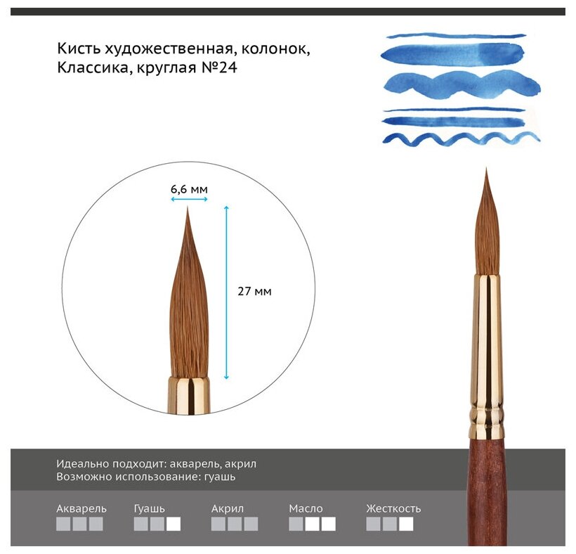 Кисть художественная колонок Гамма «Классика», круглая №24 информация:
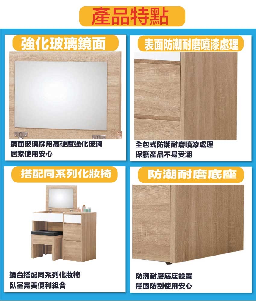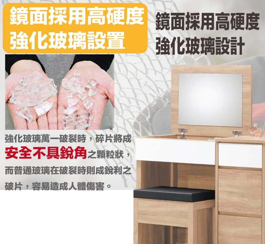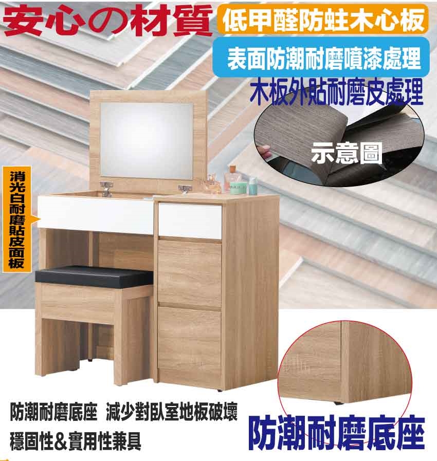 採用防蛀木心板+五金滑軌結構+強化玻璃鏡面+防潮耐磨底座等安心材質製造
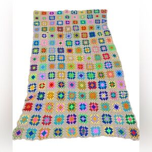 Vintage Classic Granny Square Afghan Cottage Cottagecore 89x66” See Photos

################

Problem requirements.
Please set down the lines above word for word and leave out the pictures.

Result.
 Кисть художественная колонок Гамма «Классика», круглая №24 информация:
 採用防蛀木心板+五金滑軌結構+強化玻璃鏡面+防潮耐磨底座等安心材質製造
 Vintage Classic Granny Square Afghan Cottage Cottagecore 89x66” See Photos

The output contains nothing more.